The following are examples confirming the possibility of implementing the claimed invention to obtain the above technical result. Example No. 1 illustrates the implementation of the proposed method in the case of using a deformed billet of (α + β) titanium alloy with a grain size of 10 μm. In example No. 2, a deformed billet of (α + β) titanium alloy with a grain size of 20 μm is used.

Example No. 1

Rods (wire) with a diameter of 8.5 mm from VT16 titanium alloy, containing: Al = 1.6-3.0; Mo = 4.5-5.5; V = 4.0-5.0, with a grain size of 10 μm was quenched in a vacuum oven at 740 ° C and cooled in water. Of heat-treated rods, after applying a hard oxalate coating to their surface, M8 × 1.5 bolts were made by cold plastic deformation with heading. In the manufacture of bolts, repeated reduction of the rod was carried out, the degree of deformation was 30%. At the same time, they rolled in the smooth part of the rod and the radius of its transition to the head with rollers on a thread rolling machine. Then aging was carried out in an electric furnace in air at a temperature of 260 ° C for 8 hours. After this, the products were subjected to hydro-polishing in a soap solution with a soap concentration of 0.5% in a rotating drum in a mixture of steel balls and wooden cubes, while the rotation speed of the drum was 35 rpm with a change in the direction of its rotation every 2 minutes. The duration of the process was 20 hours. Then the thread was rolled on a thread rolling machine at a speed of 20 rpm. Within 1.0 seconds, while the radius of the thread depression was 0.20 magnitude of the pitch of the thread.
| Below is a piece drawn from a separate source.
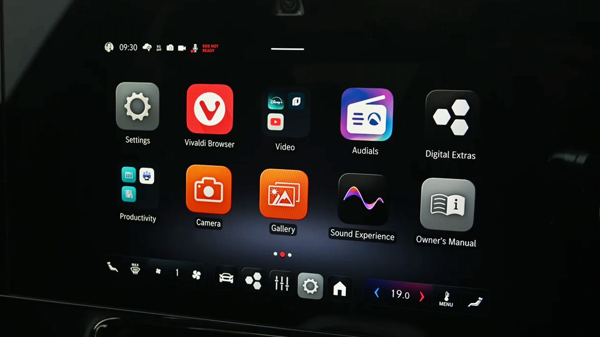 Υπάρχουν επιπλέον χειριστήρια, όπως η μπάρα κύλισης για την ένταση του ήχου και οι επιλογές των προγραμμάτων οδήγησης σε ένα μαύρο πάνελ στη βάση της οθόνης, δίπλα στη βάση ασύρματης φόρτισης κινητού.
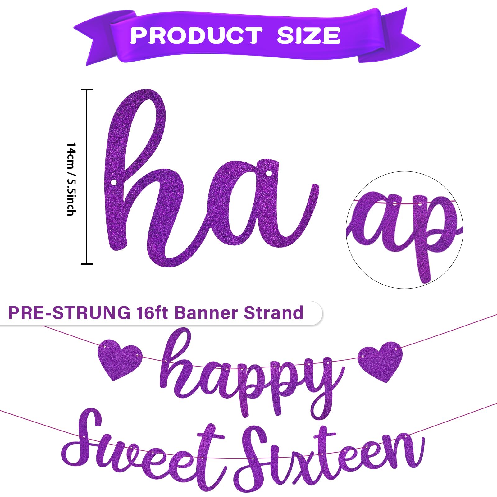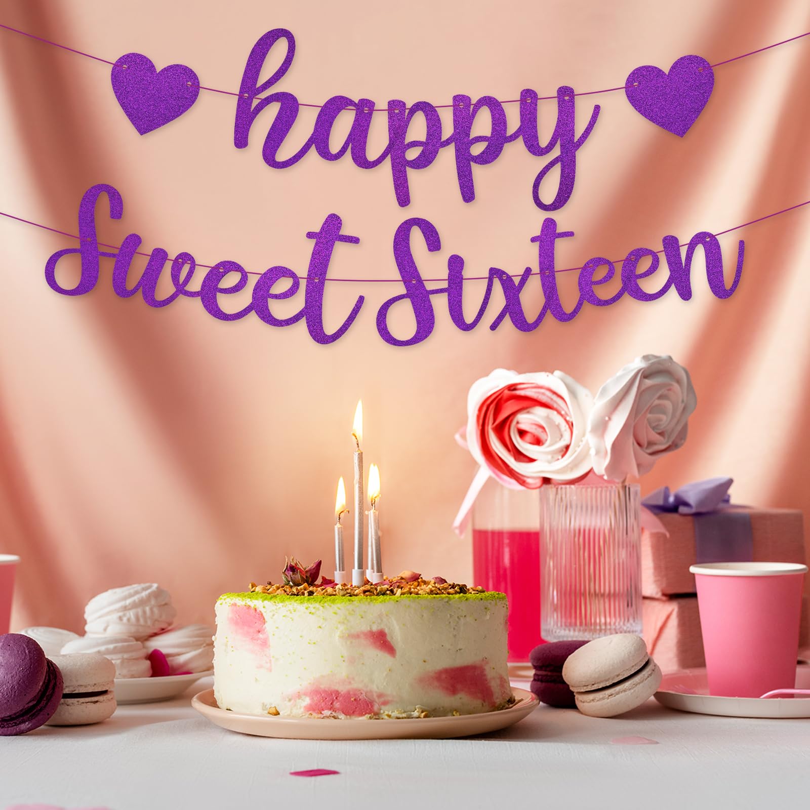 Birthday Party Supplies: Add some decorative shine to your loved's birthday party decor by hanging up this birthday banner! A beautiful piece to hang from a mantle, banisters, windows, front of a dessert table, on the wall behind your dessert table, walls, stair railing, You can use our sweet 16 party decor for birthday party, friends gatherings, room decorations, and so on.

The manufactured bolts had the following mechanical properties, determined by the results of static tests: tensile strength: σ _in = 1540 MPa; shear resistance: τ _cf = 830 MPa; relative narrowing after rupture: ψ = 45%. The obtained strength characteristics significantly exceed the requirements of OST1 10569-72 for VT16 titanium alloy bolts.

Example No. 2

Rod parts with heads (M8 × 1.5 bolts) were made of rods (wire) with a diameter of 8.5 mm from VT16 titanium alloy containing Al = 1.6-3.0; Mo = 4.5-5.5; V = 4.0-5.0 with a grain size of 20 μm according to the inventive technology and using the operating parameters given in Example No. 1. The manufactured bolts had the following mechanical properties, determined by the results of static tests: tensile strength: σ _in = 1330 MPa; shear resistance: τ _cf = 740 MPa; relative narrowing after rupture: ψ = 60%. The obtained strength characteristics significantly exceed the requirements of OST1 10569-72 for VT16 titanium alloy bolts.

The full results of the experimental studies are shown in Table 1.

The table compares the indicators of the proposed method (experiments 2, 3, 6, 7, 10, 11, 14, 15, 17, 18 and 19) and experiments, the conditions of which go beyond the limits regulated by the claims (experiments 1, 4 , 5, 8, 9, 12, 13 and 16).

As can be seen from the materials presented, the use of the developed method provides the opportunity to achieve optimal operational characteristics of the manufactured parts.

Thus, the claimed invention successfully solves the problem of creating a simple and economical method of manufacturing rod parts with heads of two-phase (α + β) titanium alloys having high strength and durability characteristics, which is of great importance for increasing the operational life of critical structural elements in aviation, space technology and other industries.

Claims (2)

1. A method of manufacturing core parts with heads of two-phase (α + β) titanium alloys, including hardening of the workpieces, applying a hard oxalate coating to their surface, forming parts by cold plastic deformation with heading and multiple reduction of the rods and aging of the parts obtained, characterized in that the hardening of the workpieces is carried out in a vacuum furnace at 720-740 ° C followed by cooling, multiple reduction of the rods is carried out with a degree of deformation of 10-30%, the aging of wire parts yat in an electric furnace in air at a temperature of 240-260 ° C for 4-8 hours, followed by hydro-polishing of parts and rolling threads. 2. The method according to p. 1, characterized in that as the blanks use deformed blanks of (α + β) titanium alloys with a grain size of not more than 10 microns.